UNITED STATES DISTRICT COURT DISTRICT OF NEVADA
Jan 20, 2015
3:12-cv-00344-RCJ-WGC (D. Nev. Jan. 20, 2015)

Opinion

3:12-cv-00344-RCJ-WGC

01-20-2015

KEVIN PHILLIPS, Plaintiff, v. C.R. BARD, INC. et al., Defendants.


ORDER

This case arises out of an allegedly defective surgically implanted medical device. Pending before the Court are twenty-five motions in limine, a motion to bifurcate trial, and a motion to seal.

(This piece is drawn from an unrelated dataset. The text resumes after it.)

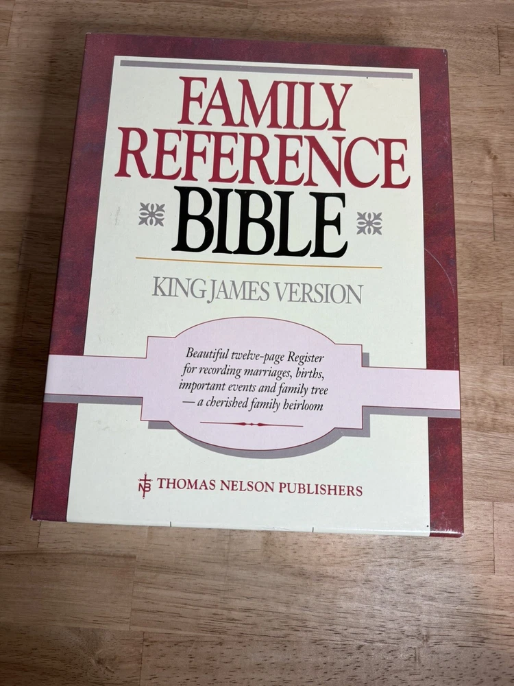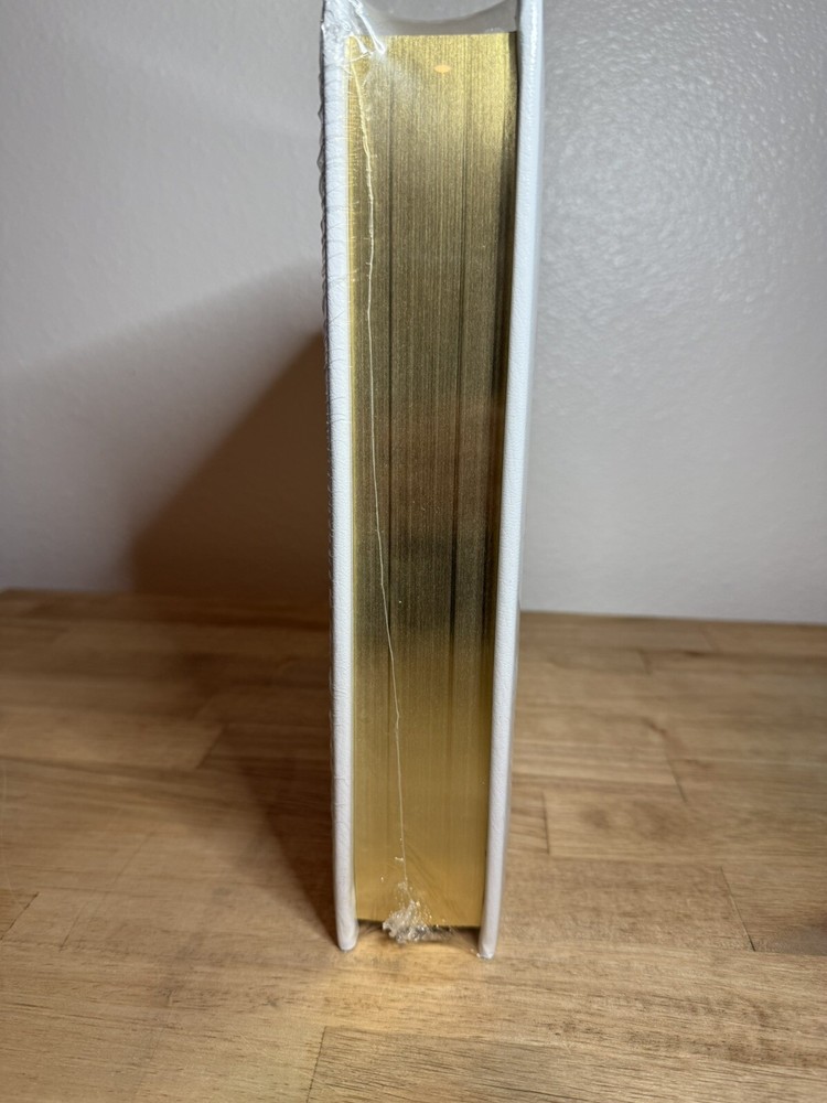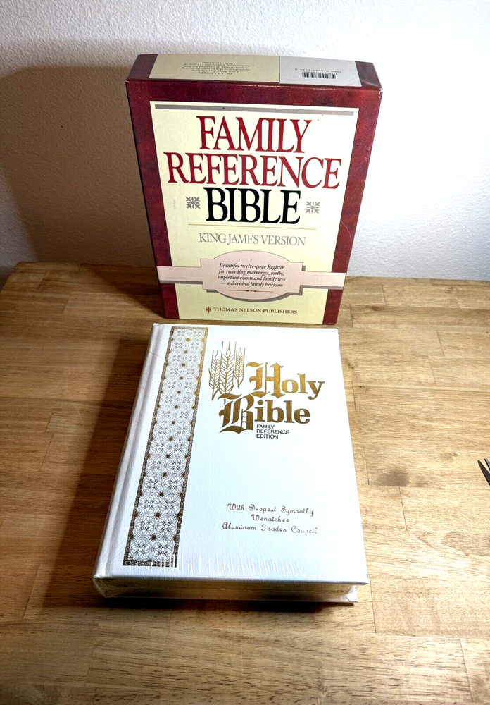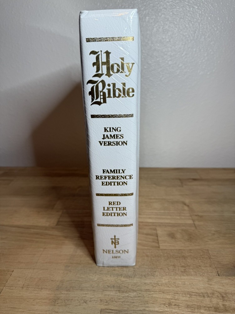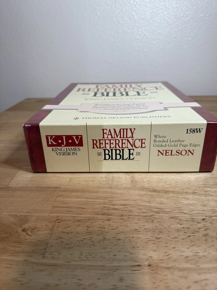 Family Reference Bible: King James Version White Bonded Leather Gilded Gold Page Edges Factory Sealed in Box Please see all pictures Smoke-free home. Features White Bonded Leather Gilded-Gold Page Edges 12 Page Register for Recording Marriages, Births, Important Events and Family Tree
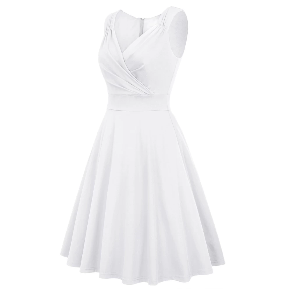 - A very elegant flare swing dress, which features a stylish v-neck with a wrap style at the front, a beautful sweet heart neck line, and monroe vintage look with a premium feel.

I. FACTS AND PROCEDURAL HISTORY

The inferior vena cava ("IVC") is a vein that returns blood to the heart from the lower body. (Compl. ¶ 15, ECF No. 1-1). An IVC filter is a medical device residing in the IVC that catches blood clots or "thrombi" that travel from the lower portions of the body towards the heart and lungs, where they can cause serious injury or death. (Id. ¶¶ 14-16). IVC filters have been on the market since the 1960s. (Id. ¶¶ 13, 18). The first IVC filters were "permanent" filters, i.e., designed to remain in the patient for the patient's life. (Id. ¶ 18). In 2003, manufacturers began producing "optional" or "retrievable" IVC filters that can be removed from a patient once the risk of a blood clot has subsided. (Id.). At issue in the present case is the Recovery Filter System ("RFS"). Defendants C.R. Bard, Inc. and Bard Peripheral Vascular, Inc. (C.R. Bard's subsidiary) "designed, set specifications [for], manufactured, prepared, compounded, assembled, processed, marketed, distributed, and sold the Recovery Filter System and G2 Filter System ("G2FS") to be implanted in patients . . . ." (Id. ¶¶ 3-4). Although Plaintiff makes general allegations concerning the G2FS, as well as the RFS, he alleges only having had a defective RFS implanted in him. (See id. ¶¶ 49-51).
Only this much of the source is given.